== Task goal ==
All lines below containing the string "with" are to be copied.

--- Source data Enclosed Below ---

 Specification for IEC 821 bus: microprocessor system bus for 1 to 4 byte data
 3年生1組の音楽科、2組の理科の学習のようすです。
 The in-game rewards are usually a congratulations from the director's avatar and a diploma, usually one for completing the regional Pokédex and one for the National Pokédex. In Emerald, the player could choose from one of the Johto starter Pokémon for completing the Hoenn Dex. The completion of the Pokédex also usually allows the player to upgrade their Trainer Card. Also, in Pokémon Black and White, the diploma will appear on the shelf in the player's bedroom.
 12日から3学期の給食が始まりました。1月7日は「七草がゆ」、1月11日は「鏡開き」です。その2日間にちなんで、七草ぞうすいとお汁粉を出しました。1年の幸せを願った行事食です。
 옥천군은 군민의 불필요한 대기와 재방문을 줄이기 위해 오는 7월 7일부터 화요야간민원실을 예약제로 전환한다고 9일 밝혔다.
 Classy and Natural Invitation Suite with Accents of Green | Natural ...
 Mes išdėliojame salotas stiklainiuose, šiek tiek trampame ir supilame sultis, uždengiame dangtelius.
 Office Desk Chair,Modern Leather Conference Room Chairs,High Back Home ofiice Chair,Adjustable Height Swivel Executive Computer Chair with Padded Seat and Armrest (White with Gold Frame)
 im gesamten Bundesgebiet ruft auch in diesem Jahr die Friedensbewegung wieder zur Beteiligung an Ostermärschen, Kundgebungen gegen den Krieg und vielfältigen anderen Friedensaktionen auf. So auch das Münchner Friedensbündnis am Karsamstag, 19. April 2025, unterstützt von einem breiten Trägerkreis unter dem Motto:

--- End of Enclosed Source data ---

== Exercise answer ==
 Classy and Natural Invitation Suite with Accents of Green | Natural ...
 Office Desk Chair,Modern Leather Conference Room Chairs,High Back Home ofiice Chair,Adjustable Height Swivel Executive Computer Chair with Padded Seat and Armrest (White with Gold Frame)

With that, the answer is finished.